March 19, 2007

Atiq Rahimi Earth and Ashes


Atiq Rahimi is an Afghan who now lives in France. Earth and Ashes is a deceptively short novella but a very impressive contribution to the way that we think about war and society. Rahimi writes here about a family in his native Afghanistan that is split and sundered through the effects of war. The novel though isn't about that temporal and physical separation as much as it is about the psychological dramas that grief produces. Rahimi subtly guides us into the mind of the novel's protagonist, a grandfather going with his grandson to visit his son and his grandson's father to tell him about how war has effected them. But inside that very simple story Rahimi actually endeavours to do two much more interesting things- as well as many others that I'm not able to narrate effectively here.

The first is that he uses the narration of the story to demonstrate to us the way that war effects consciousness. The narration is all in the first person, it mixes dream and reality in a sequence- you get no warning about the transition from what is to what appears and back again, you have no idea at various moments about whether what you are reading is a dream or a reality though by the end you perceive a very certain and simple storyline. He writes like shrapnel- by which I mean that he writes presenting us with shards of a consciousness blown apart quite literally by the force of tragedy. At one point, the only real character outside the family presents as a truism that grief can be water and spirt out of your eyes, that it can be a sword which swipes and stabs or it can be a bomb ticking in silence and then exploding. Very much what we have here is the discontinuity which every image- the eye weeping single tears, the sword making single thrusts and the bomb exploding concrete into shards- involves. The way that grief is discontinuous- that in moments it can be forgotten or can be realised in fond memories, then in moments can wrack the conscience in different ways, then take the image of a lost and loved one and in a different context express itself as a desire for revenge upon that lost or loved one for leaving so quickly and so unexpectedly is all contained in this slim knowledge. The narrative is as broken up as the soul of the grandfather who speaks it.

The second major aspect of this story is that at its end, the goal to which the grandfather, our narrator proceeds, is a goal he turns down. He refuses it because he sees that some members of his family have not paid their tithe of grief. Throughout the story, anger at those who cannot feel, anger at those who inquire without knowing the story he has to tell, anger at useless comiseration comes through. The grandfather whose mouth expresses the tail has a silent fury about him- he wants to blow the world and its pathetic consolations sky high, he wants to see those who can truly greive the way he can, truly see their world come to an end like he has seen his come to an end. He wants to speak to his family who have suffered like him and when he finds that members within his family have not suffered in the same way, how for them the events which have destroyed him have become part of a normal working day, he feels wrath. He feels angry with his grandson who cannot understand because he is too young and because the grandson is become deaf and cannot be made to understand. In a much more profound way though the grandfather as he says himself has become deaf whereas his grandson can hear- like a blind man, blinded by a day's events, he wonders in a valley of the sighted and feels both envy and wishes that they shared his condition so that someone might understand. Because they do not pay the proper tithe to death, he reckons that they cannot understand his grief and cut away in the loneliness of his tears and his dreams, his mourning becomes the expression of a solitude passing our understanding.
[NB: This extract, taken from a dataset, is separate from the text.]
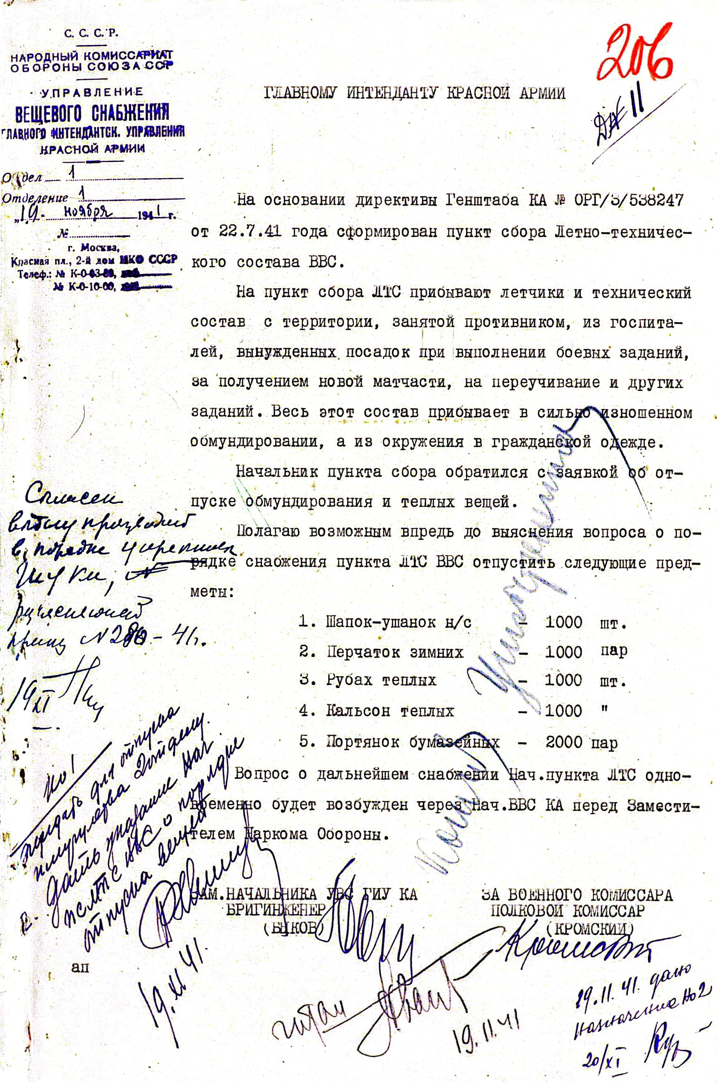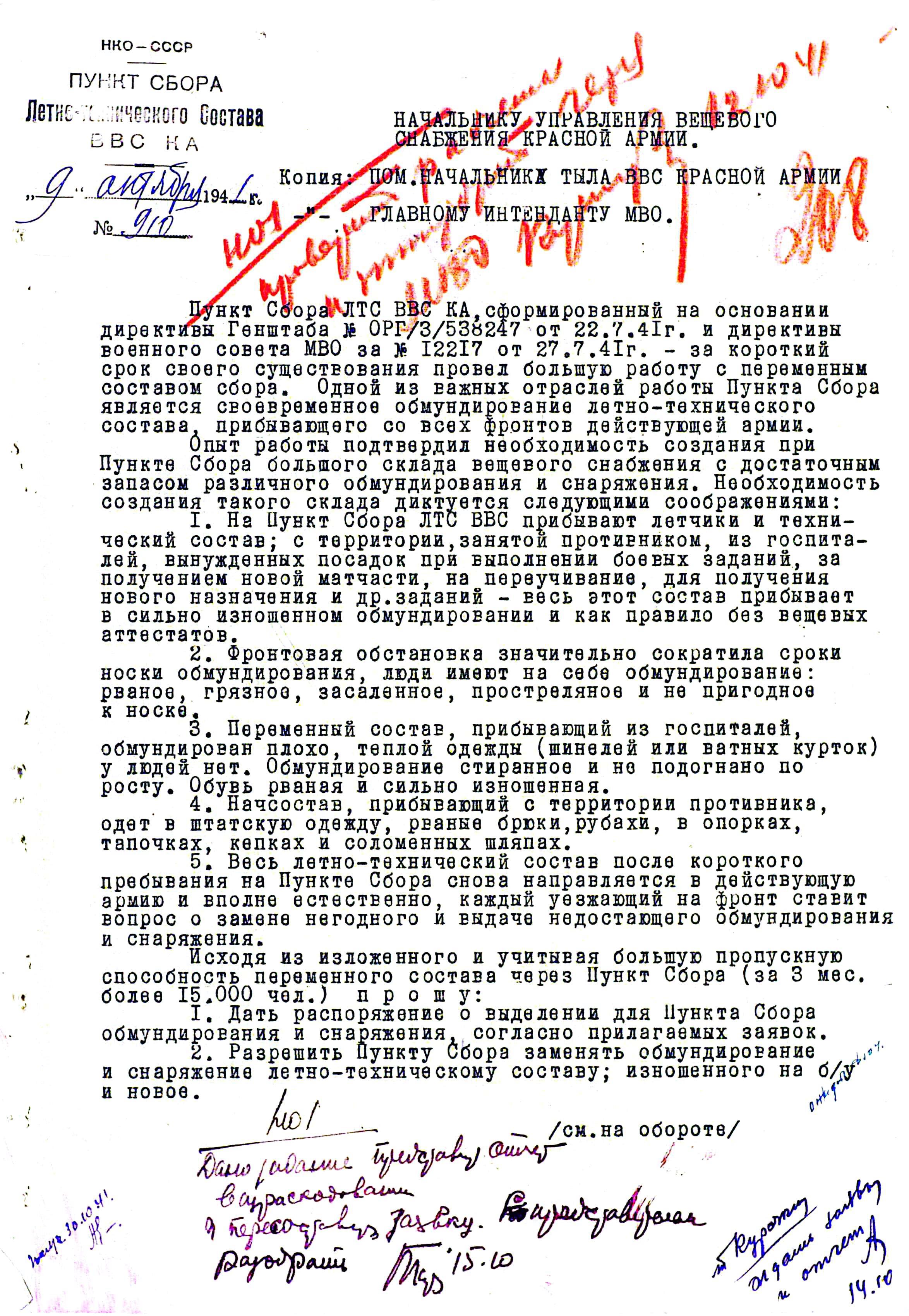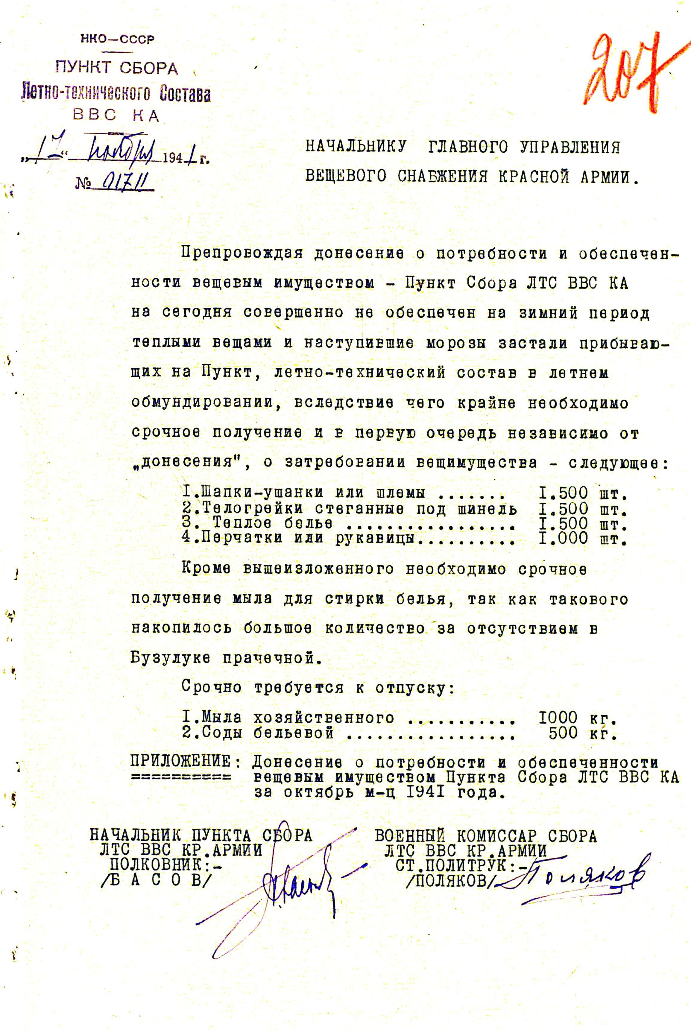 Следующее обращение по обеспечению прибывающего переменного состава, командование Пункта Сбора ЛТС направило через месяц, а точнее — 17 ноября 1941 г. И в этом письме меня привлекли два любопытных момента: во-первых, регистрационный номер и дата обоих писем проставлены одной рукой, а во-вторых, в повторном обращении есть такое предложение: «Кроме вышеизложенного необходимо срочное получение мыла для стирки белья, так как такового накопилось большое количество за отсутствием в Бузулуке прачечной.». То есть, Пункт Сбора летно-технического состава ВВС Красной Армии, как и другие учреждения, эвакуировался из Москвы в Бузулук (Оренбургской обл.). Тогда и разделение на Центральный (в Москве) и Резервный (в Бузулуке) ПС ЛТС произошло скорее всего в начале 1942 года, после частичного возвращения командования и инструкторов Пункта из эвакуации.

Death and the way that society copes with it are things that to us living in the peaceful west it is difficult to understand. Reading this short novel, one remembers that Afghanistan has suffered many times over the last fifty years- that its history has been a history of conflict, disaster and the resulting trauma. The fact that by the end of the novella, our character refers to his grief as a bomb which might go off at any time- is a pointed reminder that grief and trauma can have political consequences. Understanding the way that grief gives way to desperation, that trauma produces problems for us to navigate as people and politicians is amongst the first steps to wisdom and Rahimi has provided us with an apt guide to the Afghan dimensions of loss, regret and sorrow.